[Dataset records]

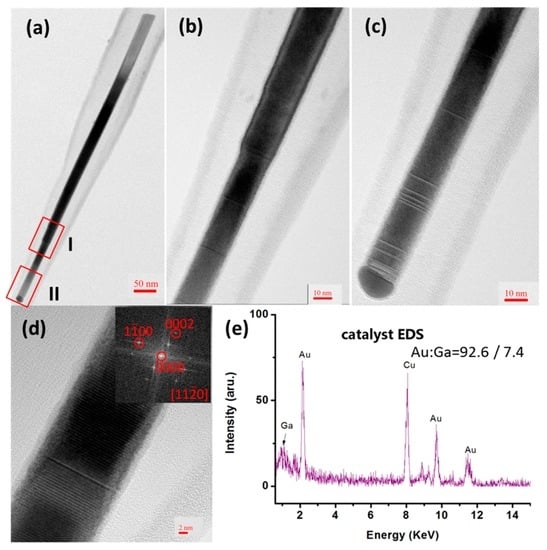 To understand detailed structural characteristics of the grown NWs, TEM investigations were performed. Figure 2a shows a bright-field transmission electron microscopy (TEM) image of a typical GaAs NW. Figure 2b,c are magnified TEM images taken from top of the NW, corresponding to the red regions in Figure 2a respectively, where the slight tapering caused by lateral growth is consistent with the SEM image shown in Figure 1a. Some planar defects can be seen in these magnified TEM images. Figure 2d is the high-resolution TEM image of the NW and the insert is the Fast Fourier Transform (FFT) result, from which the grown GaAs NWs possess wurzite structure. To understand the composition of the catalyst, energy dispersive spectroscopy (EDS) analysis was carried out and the result is shown in Figure 2e, in which the catalyst contains Au and Ga. Further quantitative EDS analysis shows that the Ga concentration in the catalyst is 7.4 at. %. Our extensive TEM observations match perfectly with previous reports that NW structure can be tuned by catalyst composition. Zhang et al. claimed that defect-free wurzite structure GaAs NWs can be acquired with a high Ga supersaturation in catalysts (~10%), while massive intermixing defects appear when the Ga concentration is only about 1% [34]. This explains our GaAs NW with few planar defects.
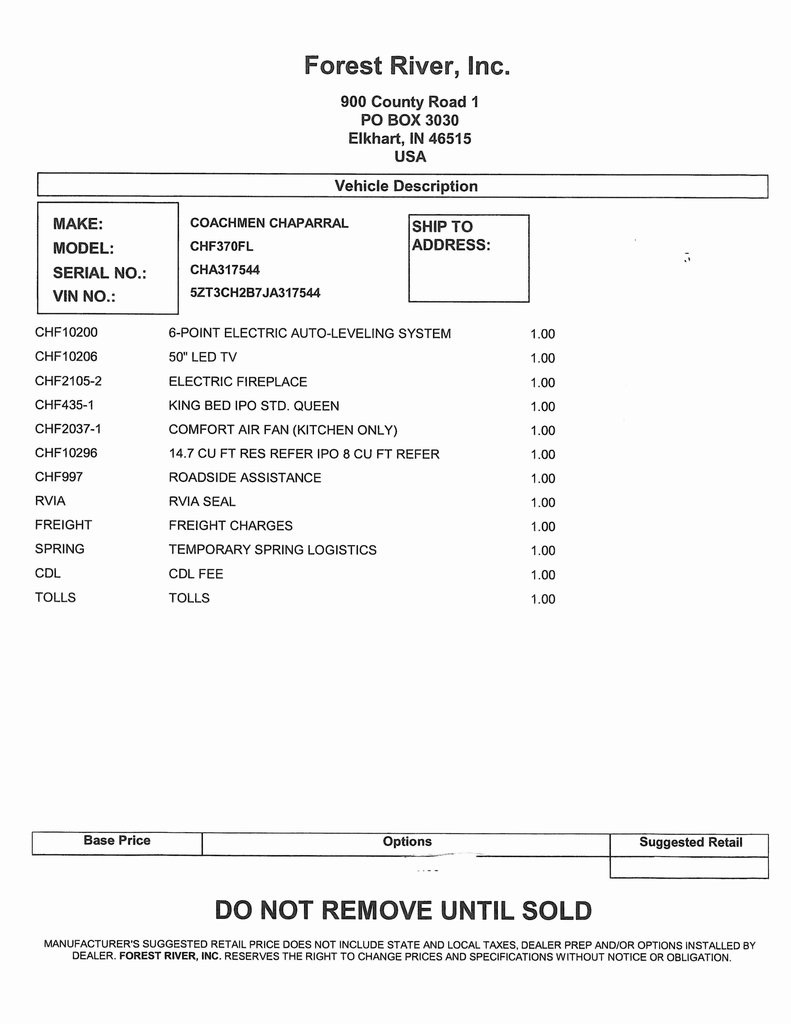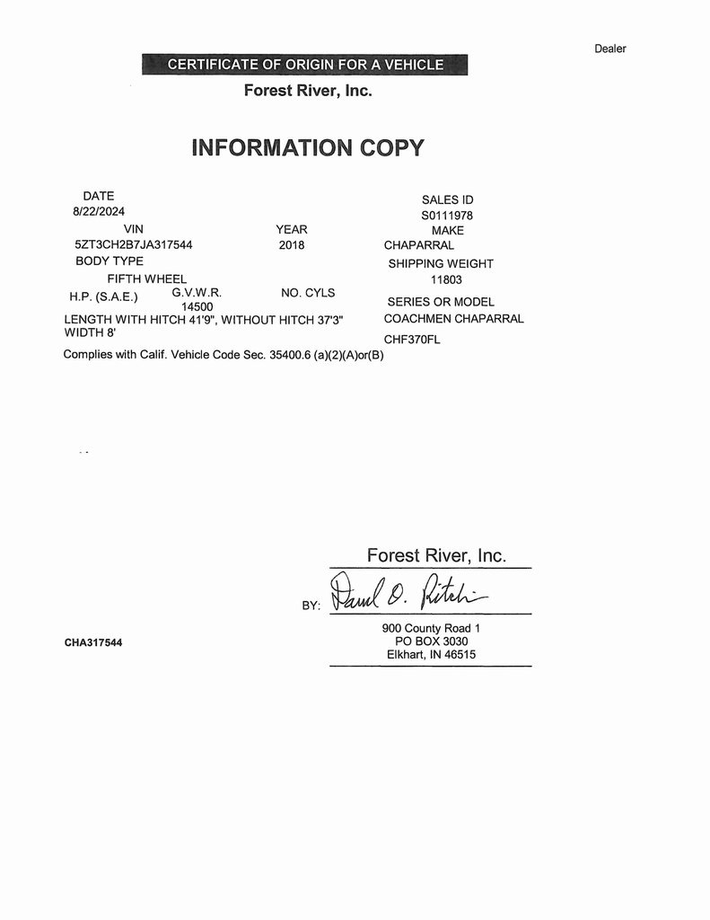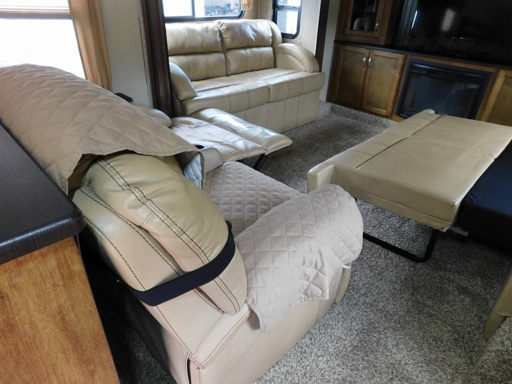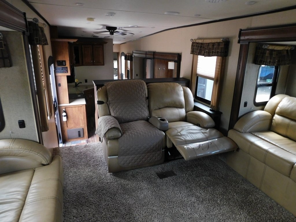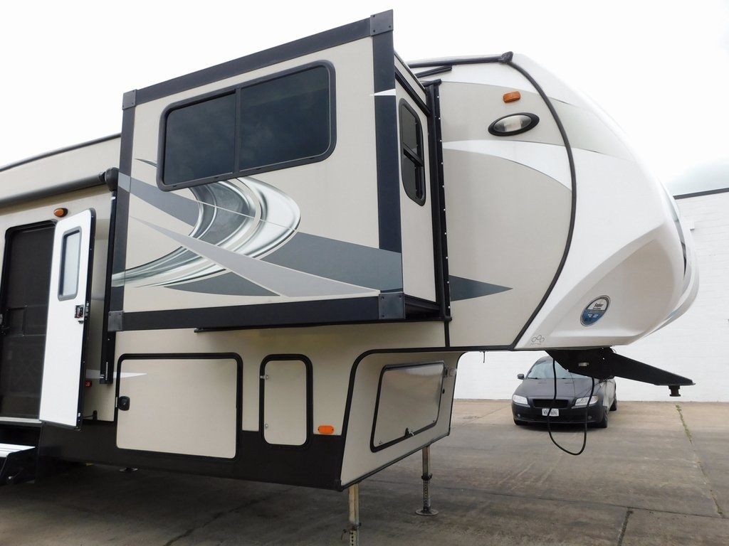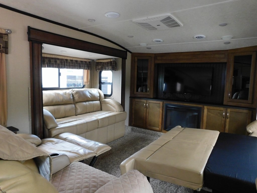 Call our sales team here at 716-649-6695 to schedule an appointment to view this Chaparral 370FL! Clean CARFAX! Beautiful 2018 Forest River Coachmen Chaparral 370FL Class A Fifth Wheel RV with all the amenities! New Awning never used, New Microwave, New F Rated Tires & New Spare. Lots of other service history available. Extra Clean call now! Motivated Seller. Truck and Trailer. Maximum Sleeping Capacity: 6, Length: 41' 9" (12.7 m), Extendable Dinette Table with 2 Chairs, Standard Shower, DVD Player, Television, Standard Master Bedroom, King Size Bed, Kitchen Sink, Front and Rear Power Leveling Jacks, Convertible Sofa Bed, Dual Reclining Love Seat, Mid-Size Refrigerator with Freezer, Oven/Stove/ 3 Gas Burners, 20' Power Retractable Patio Awning, GVWR: 14,500 lbs, Air Conditioning BTUs: 15,000, Porcelain Toilet, Bathroom Sink / Mirror / Medicine Cabinet and Greystone Electric Fireplace! Original equipment and options list available upon request!
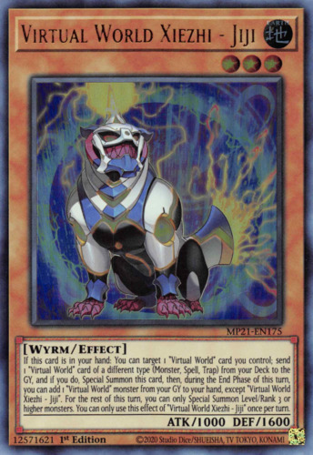 If this card is in your hand: You can target 1 "Virtual World" card you control; send 1 "Virtual World" card of a different type (Monster, Spell, Trap) from your Deck to the GY, and if you do, Special Summon this card, then, during the End Phase of this turn, you can add 1 "Virtual World" monster from your GY to your hand, except "Virtual World Xiezhi - Jiji". For the rest of this turn, you can only Special Summon Level/Rank 3 or higher monsters. You can only use this effect of "Virtual World Xiezhi - Jiji" once per turn. |
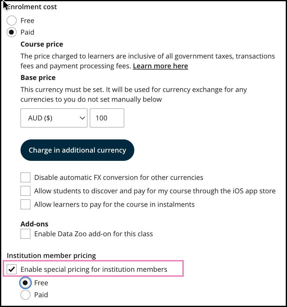 Select Paid to set your institution’s special pricing, or choose Free for free access.
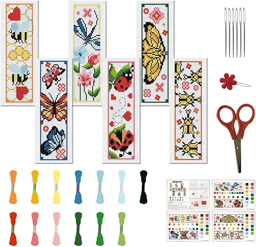 FREEBLOSS 6PCS Kit de Broderie au Point de Croix - Thèmes Insectes - Compté pour Débutants
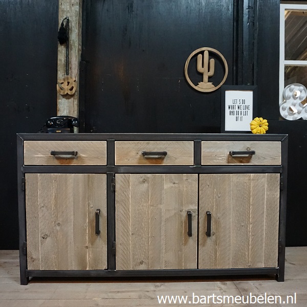 Je ziet het steeds vaker, de combinatie van hout en staal. Bij dit dressoir is gekozen voor een combinatie van steigerhout en staal. De combinatie van het stalen frame ingelegd met steigerhouten planken maken het dressoir een stoer product. En natuurlijk maken de stalen handgrepen het plaatje helemaal af.
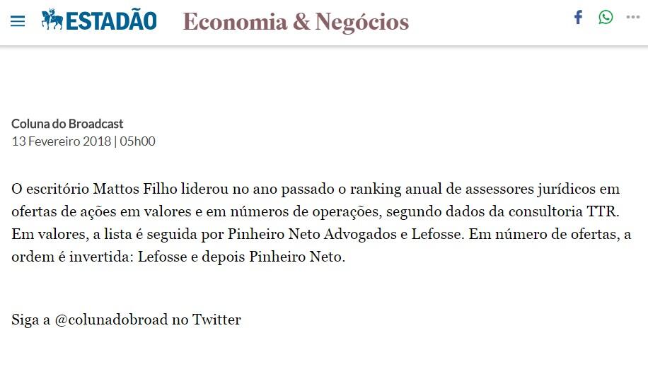 O escritório Mattos Filho liderou no ano passado o ranking anual de assessores jurídicos em ofertas de ações em valores e em números de operações, segundo dados da consultoria TTR. Em valores, a lista é seguida por Pinheiro Neto Advogados e Lefosse. Em número de ofertas, a ordem é invertida: Lefosse e depois Pinheiro Neto.
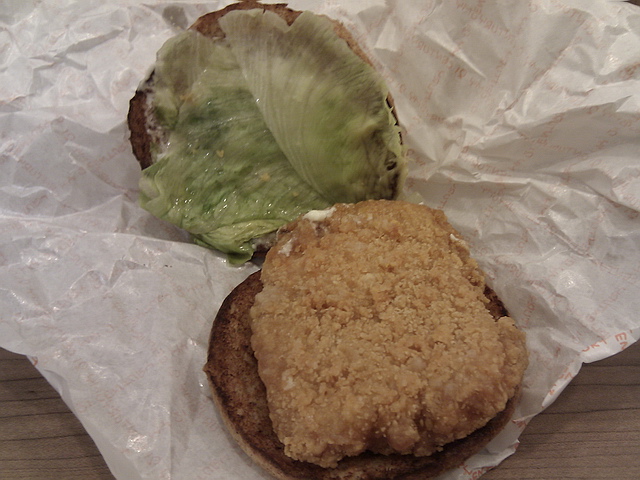 炸雞腿堡:好歹是塊雞腿肉,就算不怎麼多汁,不那麼嫩,也不可浪費,點了就要吃掉啊![]()
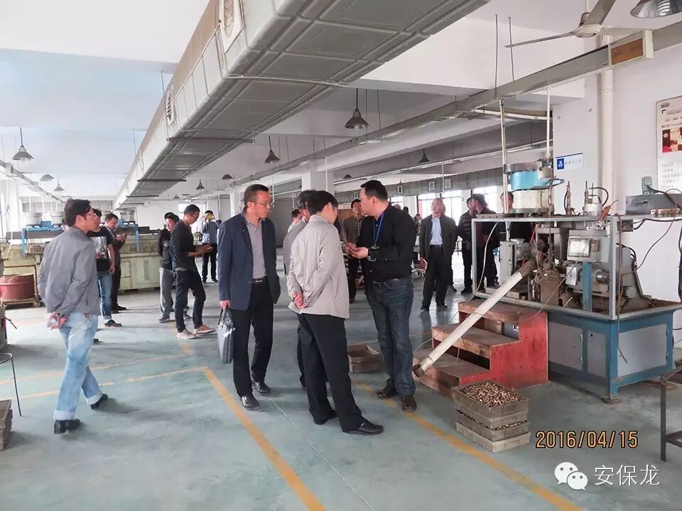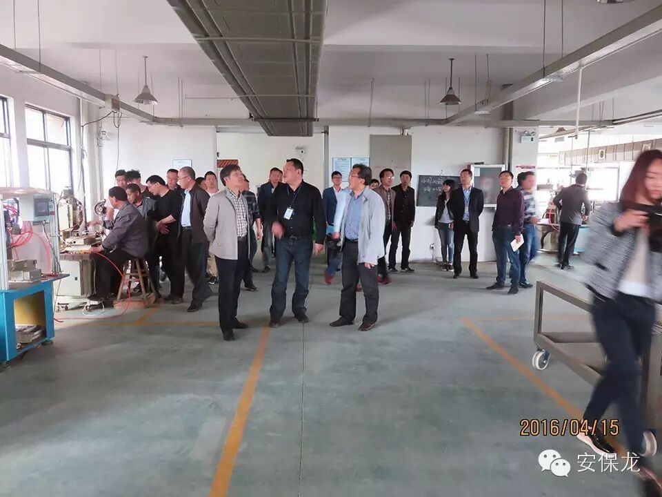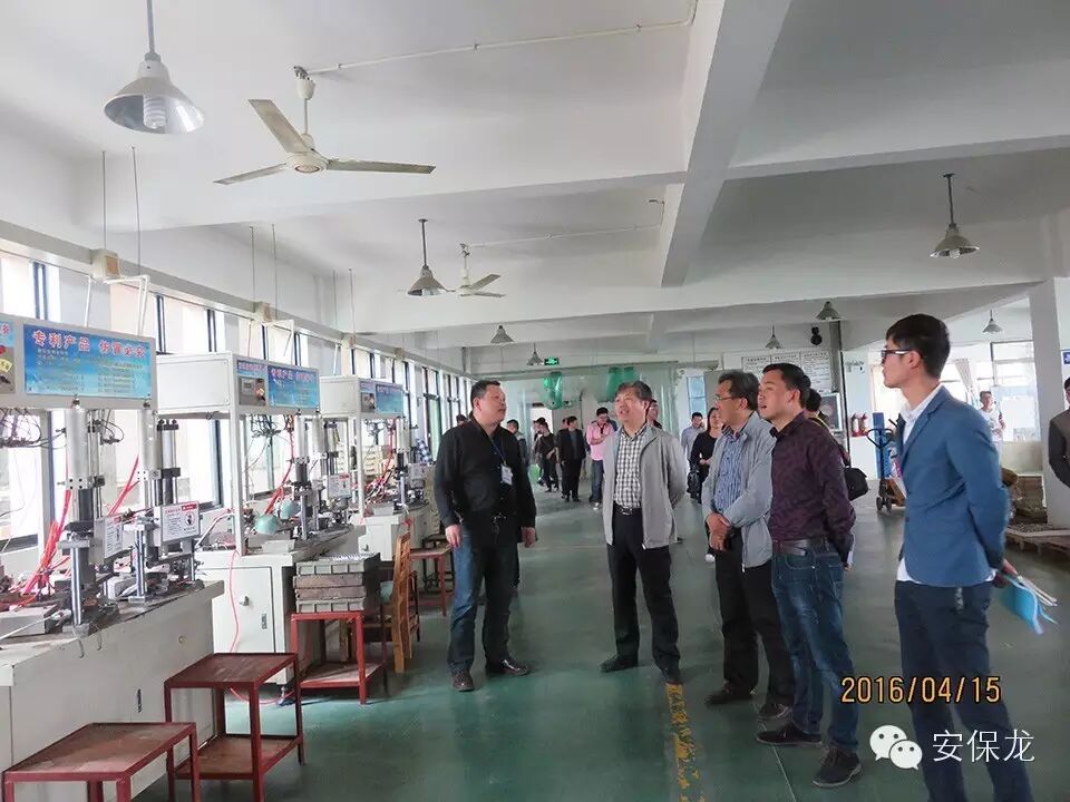 县领导们首先来到安保龙公共办公区域,了解了公司的发展过程、管理制度以及今后的发展规划,为此指出了一些建议和意见,希望公司在日后发展中能得到进一步的提升。接着,在郑总的带领下,又来到了我司第一生产线上进行考察,宽敞整齐的车间和先进的自动生产设备,都让县考察团领导们叹为观止。郑总向领导们讲解了整个生产线的制作和装配流程,对于整个制作的过程考察团给予了极大的赞许。

[/Dataset records]

**What to produce**
Reproduce all of the data exactly; the pictures do not belong in the copy.

**Final answer**
 To understand detailed structural characteristics of the grown NWs, TEM investigations were performed. Figure 2a shows a bright-field transmission electron microscopy (TEM) image of a typical GaAs NW. Figure 2b,c are magnified TEM images taken from top of the NW, corresponding to the red regions in Figure 2a respectively, where the slight tapering caused by lateral growth is consistent with the SEM image shown in Figure 1a. Some planar defects can be seen in these magnified TEM images. Figure 2d is the high-resolution TEM image of the NW and the insert is the Fast Fourier Transform (FFT) result, from which the grown GaAs NWs possess wurzite structure. To understand the composition of the catalyst, energy dispersive spectroscopy (EDS) analysis was carried out and the result is shown in Figure 2e, in which the catalyst contains Au and Ga. Further quantitative EDS analysis shows that the Ga concentration in the catalyst is 7.4 at. %. Our extensive TEM observations match perfectly with previous reports that NW structure can be tuned by catalyst composition. Zhang et al. claimed that defect-free wurzite structure GaAs NWs can be acquired with a high Ga supersaturation in catalysts (~10%), while massive intermixing defects appear when the Ga concentration is only about 1% [34]. This explains our GaAs NW with few planar defects.
 Call our sales team here at 716-649-6695 to schedule an appointment to view this Chaparral 370FL! Clean CARFAX! Beautiful 2018 Forest River Coachmen Chaparral 370FL Class A Fifth Wheel RV with all the amenities! New Awning never used, New Microwave, New F Rated Tires & New Spare. Lots of other service history available. Extra Clean call now! Motivated Seller. Truck and Trailer. Maximum Sleeping Capacity: 6, Length: 41' 9" (12.7 m), Extendable Dinette Table with 2 Chairs, Standard Shower, DVD Player, Television, Standard Master Bedroom, King Size Bed, Kitchen Sink, Front and Rear Power Leveling Jacks, Convertible Sofa Bed, Dual Reclining Love Seat, Mid-Size Refrigerator with Freezer, Oven/Stove/ 3 Gas Burners, 20' Power Retractable Patio Awning, GVWR: 14,500 lbs, Air Conditioning BTUs: 15,000, Porcelain Toilet, Bathroom Sink / Mirror / Medicine Cabinet and Greystone Electric Fireplace! Original equipment and options list available upon request!
 If this card is in your hand: You can target 1 "Virtual World" card you control; send 1 "Virtual World" card of a different type (Monster, Spell, Trap) from your Deck to the GY, and if you do, Special Summon this card, then, during the End Phase of this turn, you can add 1 "Virtual World" monster from your GY to your hand, except "Virtual World Xiezhi - Jiji". For the rest of this turn, you can only Special Summon Level/Rank 3 or higher monsters. You can only use this effect of "Virtual World Xiezhi - Jiji" once per turn. |
 Select Paid to set your institution’s special pricing, or choose Free for free access.
 FREEBLOSS 6PCS Kit de Broderie au Point de Croix - Thèmes Insectes - Compté pour Débutants
 Je ziet het steeds vaker, de combinatie van hout en staal. Bij dit dressoir is gekozen voor een combinatie van steigerhout en staal. De combinatie van het stalen frame ingelegd met steigerhouten planken maken het dressoir een stoer product. En natuurlijk maken de stalen handgrepen het plaatje helemaal af.
 O escritório Mattos Filho liderou no ano passado o ranking anual de assessores jurídicos em ofertas de ações em valores e em números de operações, segundo dados da consultoria TTR. Em valores, a lista é seguida por Pinheiro Neto Advogados e Lefosse. Em número de ofertas, a ordem é invertida: Lefosse e depois Pinheiro Neto.
 炸雞腿堡:好歹是塊雞腿肉,就算不怎麼多汁,不那麼嫩,也不可浪費,點了就要吃掉啊![]()
 县领导们首先来到安保龙公共办公区域,了解了公司的发展过程、管理制度以及今后的发展规划,为此指出了一些建议和意见,希望公司在日后发展中能得到进一步的提升。接着,在郑总的带领下,又来到了我司第一生产线上进行考察,宽敞整齐的车间和先进的自动生产设备,都让县考察团领导们叹为观止。郑总向领导们讲解了整个生产线的制作和装配流程,对于整个制作的过程考察团给予了极大的赞许。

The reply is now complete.